** Opening Given material block **

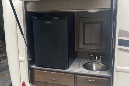 Outdoor dining is made easy with a second refrigerator, sink and many of the supplies you need to make your camping trip fun; table clothes, garbage cans, 5 folding chairs, a small cocktail table, 3 folding tables, a gas grill, grilling sticks, pudgy pie utensils, fire starters, etc.
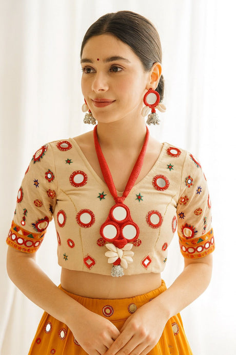 450 INR550Unit price /UnavailableRed Fabric and Mirrors Hand Embroidered Adjustable Length Necklace Set
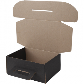 Короб КС-518 МГФ с картонной ручкой, чёрный, серии КС-500, длиной 225 мм, шириной 170 мм и высотой 100 мм. Изготовлен из картона марки Т-24 В. Полезный объём — 3.8 л.

** Closing Given material block **

Assignment:
Print the preceding material over again exactly. Please leave the pictures out.

Solution for this task:
 Outdoor dining is made easy with a second refrigerator, sink and many of the supplies you need to make your camping trip fun; table clothes, garbage cans, 5 folding chairs, a small cocktail table, 3 folding tables, a gas grill, grilling sticks, pudgy pie utensils, fire starters, etc.
 450 INR550Unit price /UnavailableRed Fabric and Mirrors Hand Embroidered Adjustable Length Necklace Set
 Короб КС-518 МГФ с картонной ручкой, чёрный, серии КС-500, длиной 225 мм, шириной 170 мм и высотой 100 мм. Изготовлен из картона марки Т-24 В. Полезный объём — 3.8 л.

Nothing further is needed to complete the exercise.